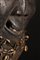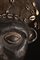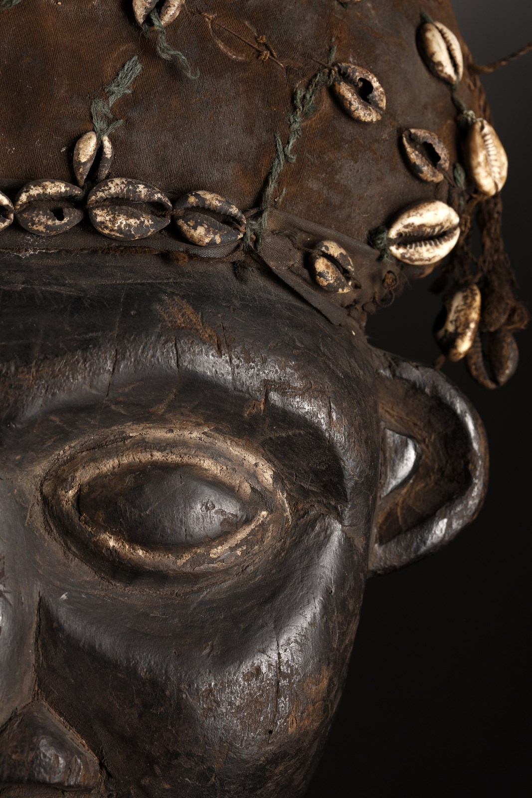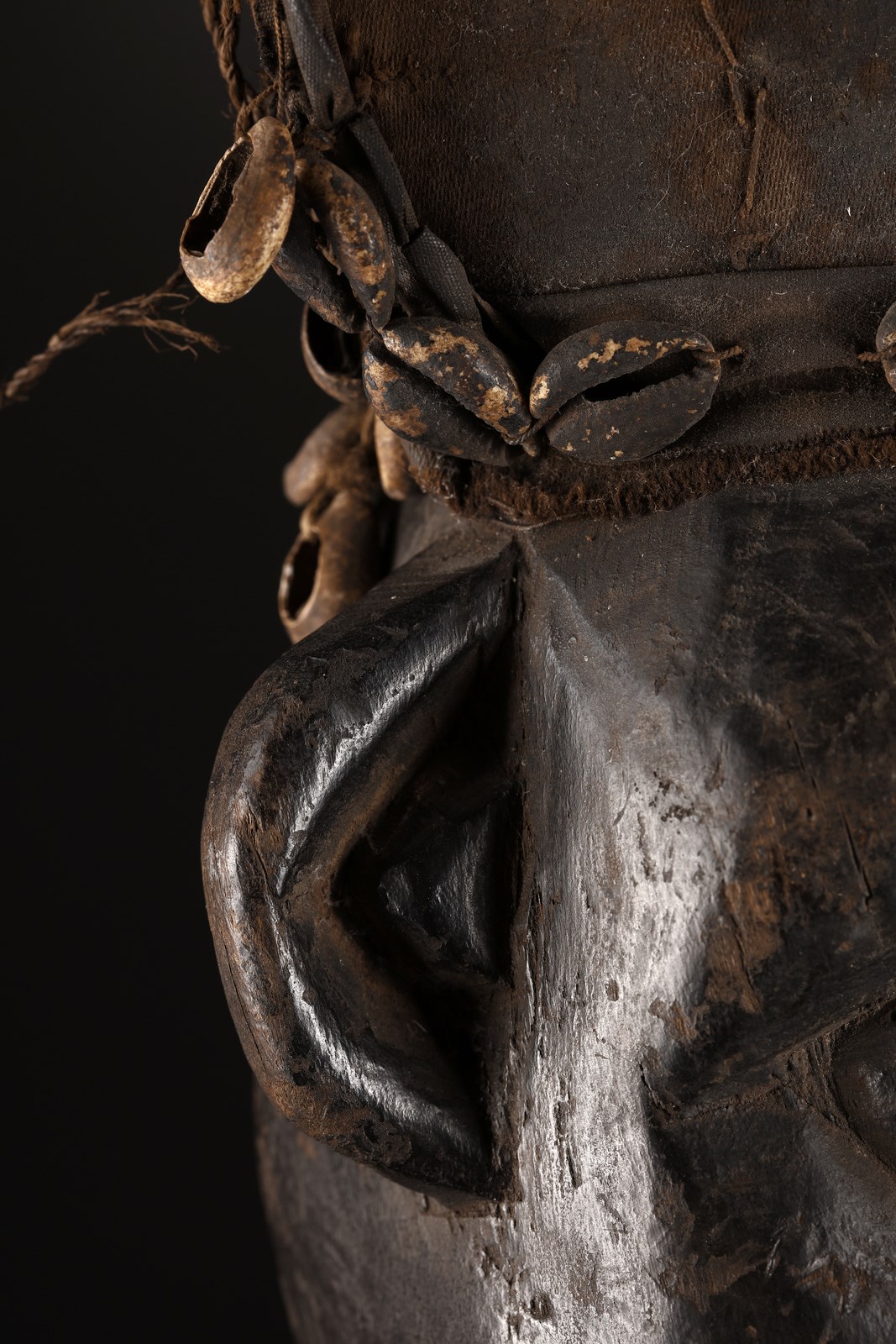 Legno duro a patina scura, tessuto, conchiglie e pigmenti.
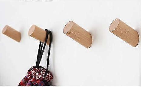Wood Wall Hooks, 4 Pack Coat Hooks Wall Mounted Rustic Wooden Hooks Heavy Duty Robe Hook Hat Rack | Hooks for Hanging Bathroom Towels (Beech Wood) n
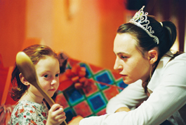 Batya finds another friend: a mute, mysterious little 5-year-old girl in a bathing suit and with a donut-shaped pool float, who attaches herself to the waitress. This lost child might have been too much like the dancing baby in Ally McBeal, but the role is unsweetened by Niokol Liedman. If she's like a red-haired sea nymph, she's also a little like a goblin. When she runs off, the general description of her is that "she has sad eyes"—pretty useless in a film where everyone does. And when Batya reports the motherless child to the police, she opens another window of dejection: the sad-eyed desk cop fans out a stack of unfollowed-up missing-person reports and mutters, "Look. There isn't even a folder."
⁂
TASK DESCRIPTION:
Starting with the first line of the material, print each line exactly until you have printed the line with "Wood Wall Hooks, 4", and skip the pictures.

ANSWER:
 Legno duro a patina scura, tessuto, conchiglie e pigmenti.
Wood Wall Hooks, 4 Pack Coat Hooks Wall Mounted Rustic Wooden Hooks Heavy Duty Robe Hook Hat Rack | Hooks for Hanging Bathroom Towels (Beech Wood) n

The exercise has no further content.